Below are my notes from this session:


T-SQL Querying and Query Tuning Enhancements in SQL Server


Extended Events Change

This was the last thing we discussed but it is SO important that I need to talk about it first. Extended Events have anew Global Field called Query Hash. This is a hash of the auto-paramterized query, capturing this allows the detection of all sorts of performance problems. All of the tiny, fast queries that execute ALL the time can be evaluated to see if your system is suffering the "death by a million cuts". This is HUGE.

CTE

CTEs join the rank of derived tables, views and table valued functions as a way to make the query syntax cleaner. By themselves, all of these options generate the exact same query plan and do nothing improve or degrade query performance. The biggest immediate benefit to non-recursive CTEs is the improved legibility they gain by allowing query reuse.

CTEs are evaluated Top to Bottom. This allows the first query to be referenced by the second query, Both the first and second queries could be referneced by the third query, etc.

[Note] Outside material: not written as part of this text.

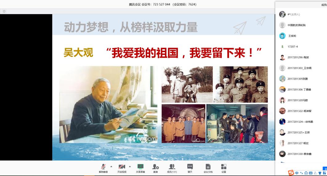 吴忠跃书记主要从:动力梦想、三种精神、仰望星空这三个方面展开叙述。鼓励同学们要从榜样汲取力量、从历史寻找动力、用坚守实现价值。课前,吴书记还特别强调我们应该向所有众志成城战疫情的中国人民致敬,同时希望在座的每位同学可以克服困难,将时间用在有价值的事情上,时刻学习充电。
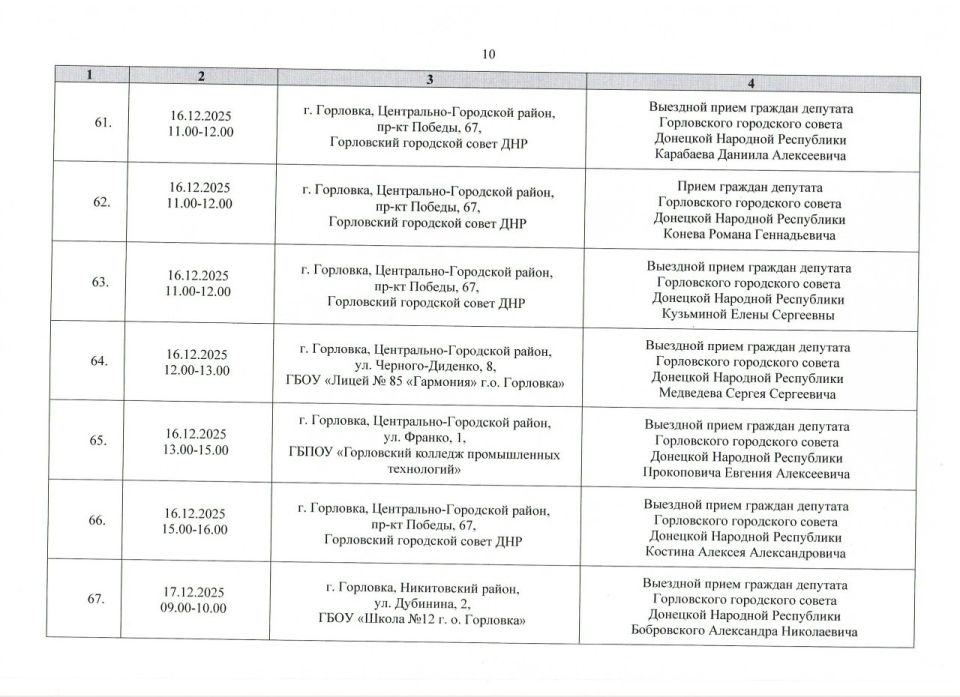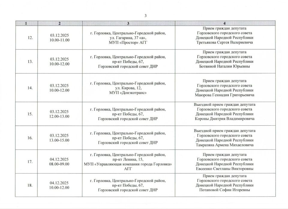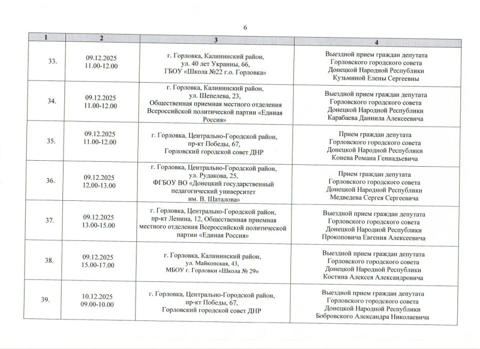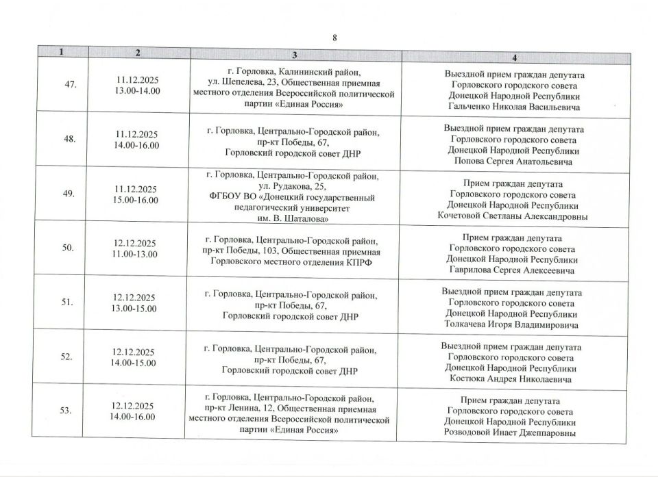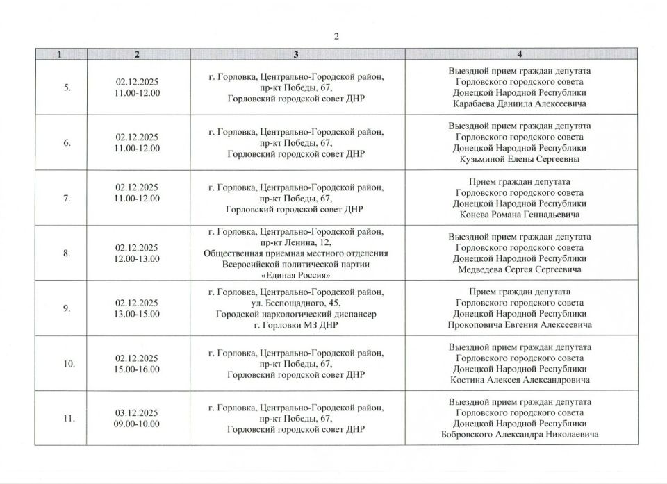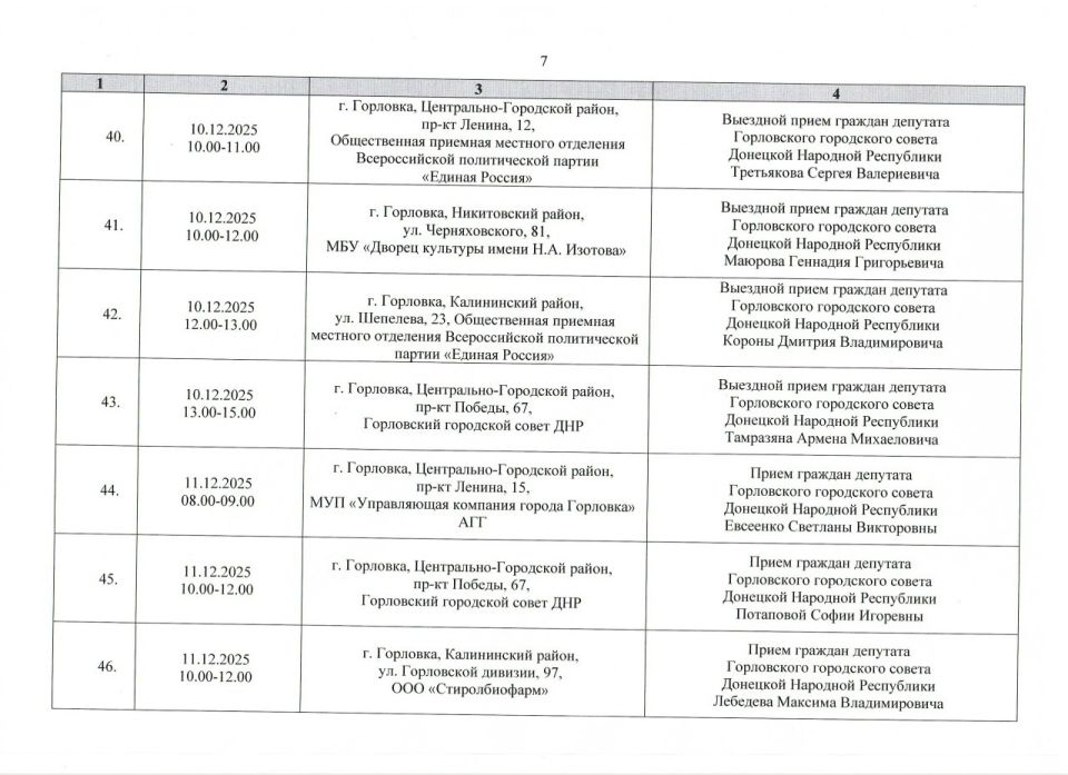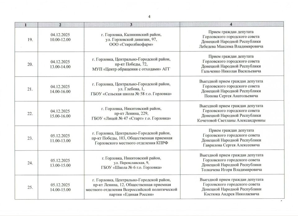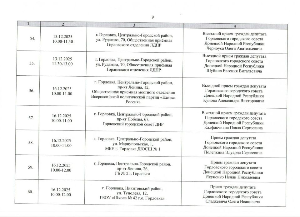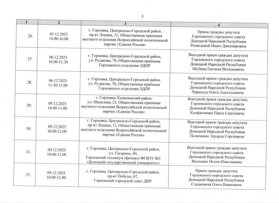 График проведения приёмов депутатами Горловского городского совета Донецкой Народной Республики первого созыва на период с 01.12.2025 г. по 31.12.2025 г. (часть 1)

To improve performance consider using something to actually materialize the data and reference that single result set. Examples of this would be actual tables, temp tables and table variables.

Recursive CTEs do not follow the rules mentioned above, instead they need to keep a running tally of the data. It does not persist it to a normal table but instead creates a B-Tree structure for the data on disk that has been optimized for the Recursive CTE's usage patterns.

Windowing Functions

Craziness. Absolute, amazing crazy that has been hiding from me since SQL 2005 that can be applied to any aggregate (but works best with cumulative aggregates).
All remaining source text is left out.